Baker Hughes (BKR) Next Earnings Date
Baker Hughes (BKR) is expected to report its next earnings on April 23, 2026, after market close. This release will cover the first quarter of 2026 (Q1 2026), following the pattern of prior quarterly reports. A conference call is scheduled for April 24, 2026.
ONEOK (OKE) Next Earnings Date
ONEOK's next earnings date is estimated for April 28, 2026, following the company's historical pattern after the Q1 2026 period, though not yet officially confirmed. This report will cover the first quarter ending March 31, 2026. Some sources project late April to early May, reflecting typical quarterly timing post prior releases like February 2026 for Q4 2025.
Baker Hughes (BKR) Next Earnings Date
Baker Hughes (BKR) is expected to report its next earnings on April 23, 2026, after market close. This release will cover the first quarter of 2026 (Q1 2026), following the pattern of prior quarterly reports.
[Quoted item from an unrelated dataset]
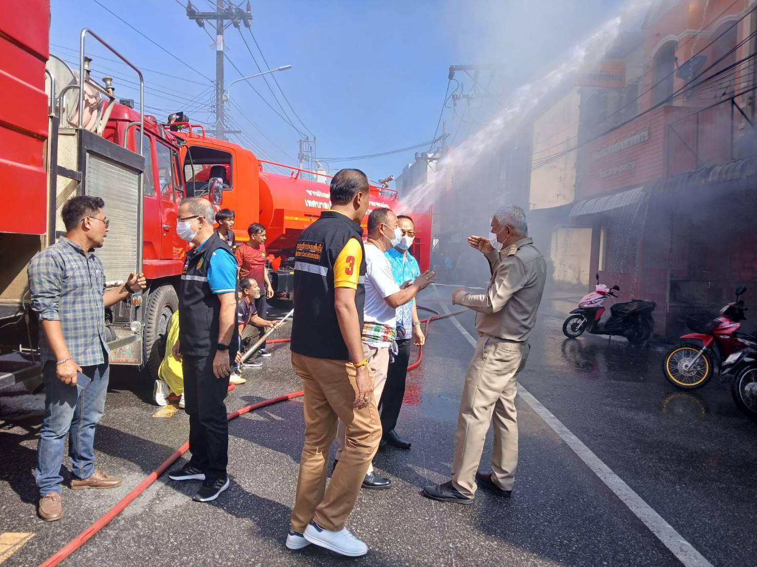 ผู้ว่าพังงารุดสั่งการควบคุมเหตุเพลิงไหม้ ร้านซ่อมรถจยย.กลางเมืองพังงา

A conference call is scheduled for April 24, 2026.
ONEOK (OKE) Next Earnings Date
ONEOK's next earnings date is estimated for April 28, 2026, following the company's historical pattern after the Q1 2026 period, though not yet officially confirmed. This report will cover the first quarter ending March 31, 2026. Some sources project late April to early May, reflecting typical quarterly timing post prior releases like February 2026 for Q4 2025.